Skip the pictures. Retype exactly, and only, the lines between the line holding "Пневматический пистолет Dobermann" and the last line below, inclusive.

### Provided data
--------------------------------------------------

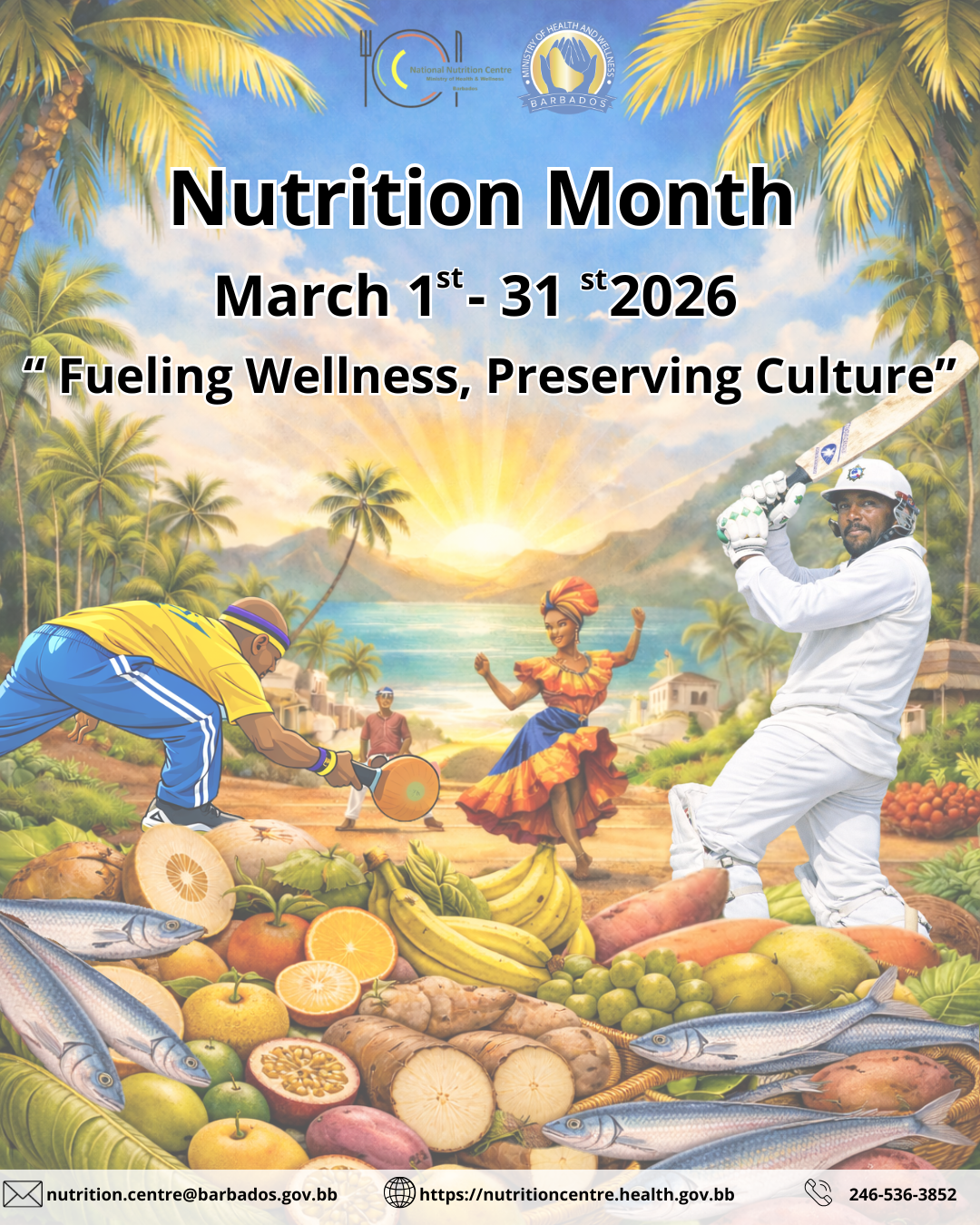 The National Nutrition Centre encourages Barbadians to grow and consume a wide variety of traditional foods, prepared in ways that preserve their natural nutritional value and combined to ensure balanced, nutrient-rich meals. Many dishes prepared by our fore-parents remain highly relevant today for promoting good health and providing affordable nutrition. Equally important is the role physical activity once played in daily life. While we welcome modern advancements, we must preserve the health-promoting elements of our culture by maintaining active lifestyles. As we observe this period of heightened focus on nutrition, we are reminded of the value of our traditional foods and the enduring importance of physical activity in supporting the health and wellbeing of all Barbadians.
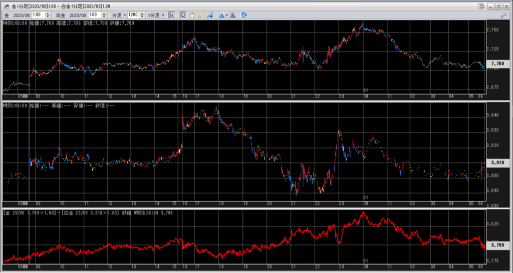 鞘縮小の仕掛け金売り1枚-白金買い2枚を建てていくのもいいかもしれません。
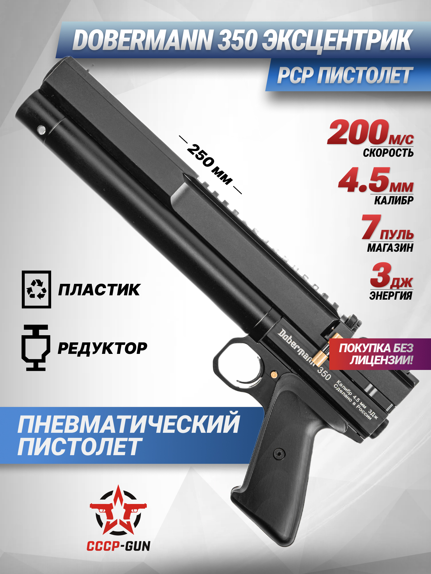 Пневматический пистолет Dobermann 350 Эксцентрик 4.5 мм (250 мм, редуктор)
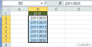 - 20110501 のように日付を数値で入力されているものがあったりします。
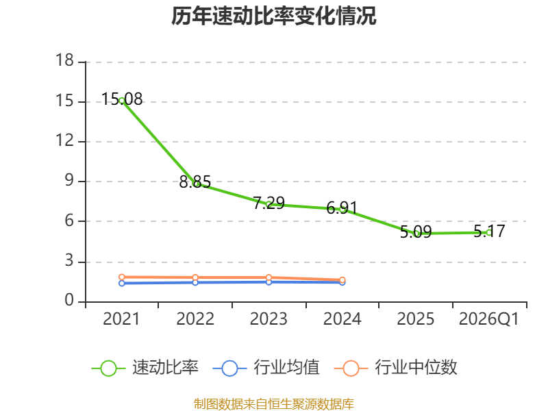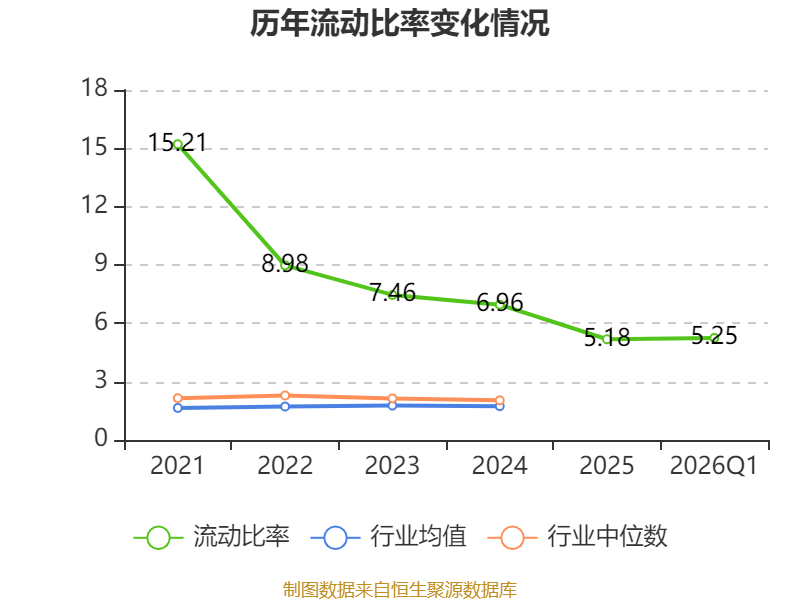 2026年第一季度,公司流动比率为5.25,速动比率为5.17。

--------------------------------------------------

### Solved exercise
 Пневматический пистолет Dobermann 350 Эксцентрик 4.5 мм (250 мм, редуктор)
 - 20110501 のように日付を数値で入力されているものがあったりします。
 2026年第一季度,公司流动比率为5.25,速动比率为5.17。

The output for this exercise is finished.